- Education: University of Limerick Imperial College London
- Scientific career
- Workplaces: Wellcome Centre for Human Neuroimaging
- Thesis: Padé methods for image reconstruction and feature extraction in MRI (2005)

= Martina Callaghan =

Irish medical physicist

Martina F. Callaghan is an Irish medical physicist who is the Director of the Wellcome Centre for Human Neuroimaging at the UCL Queen Square Institute of Neurology. Her research considers the development of in-vivo histology using MRI.

== Early life and education ==
Callaghan studied physics at the University of Limerick. She moved to Imperial College London for her graduate research, where she joined Joseph Hajnal and David Larkman at Hammersmith Hospital and earned her Ph.D. Her research considered image reconstruction using under-sampled datasets. She worked as a postdoctoral researcher at Imperial College London and Middlesex University, focusing on parallel transmit technology, lipid quantification in clinical populations and the use of nanotechnology in oncology.

== Research and career ==
Callaghan joined the Wellcome Centre for Human Neuroimaging in 2012. She was promoted to Deputy Head of Physics in 2013, and became Deputy Head of the Physics Group in 2013. In 2016 she was appointed Head of Physics. In 2019 she became Deputy Centre Director and in 2020 was promoted to Professor of MRI Physics.

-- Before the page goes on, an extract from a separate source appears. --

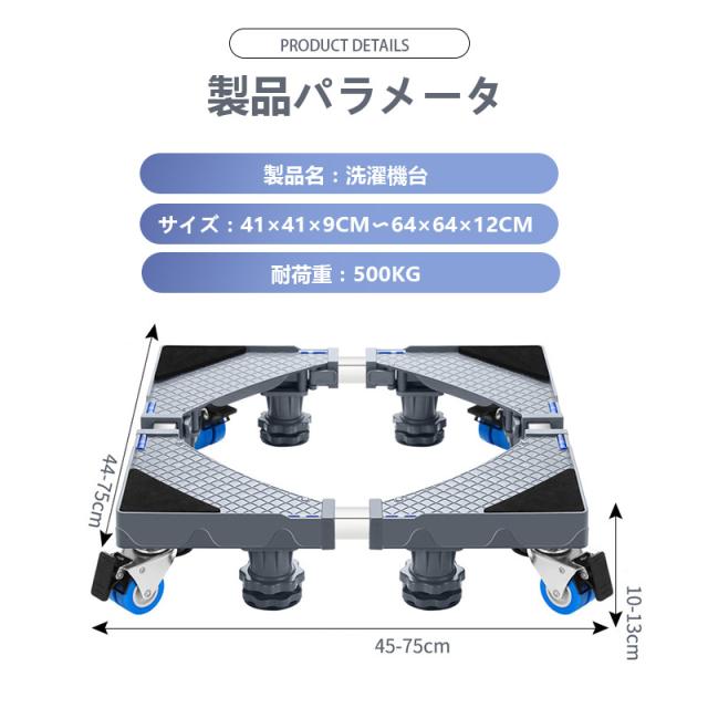 \限定クーポン/洗濯機台 かさ上げ キャスター付き 置き台 洗濯機 台車 置台 防水パン 洗濯機パン 縦型 底上げ 移動 4輪4足 組み立て簡単 幅41-64cm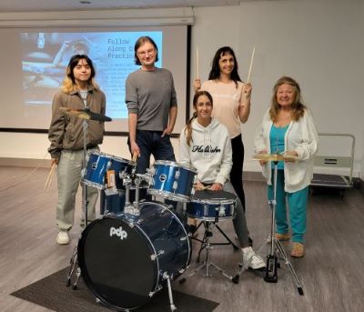 The idea of Drumming Basics is an extension of our love for making music here at the library. After adding guitars into our Library of Things collection, we wondered what else we could do to keep the music at the library going. And the idea of Battle of the Bands, Drumming Basics and Drumming Open Jams was born! We want to continue sharing the beautiful gift of music-making with our community in as many ways as possible. Drumming Basics Part 3 was the culmination of everything we had learned this year. We jammed to some of our favorite tunes from Queen and The Beatles, and it was rewarding for me to witness everyone’s progress.

Callaghan was responsible for the launch of 7T MRI at University College London. Her research considers advanced, microstructure brain imaging as a means to understand the structure and function of brains. She makes use of quantitative imaging to understand tissue microstructure through measurements of iron levels and myelination. In particular, 7T MRI offers hope to interrogate the neural circuitry that is involved with human cognition. She is interested in inter-individual ageing and in-vivo histology using MRI.

In 2022, Callaghan was appointed Director of the Wellcome Centre for Human Neuroimaging.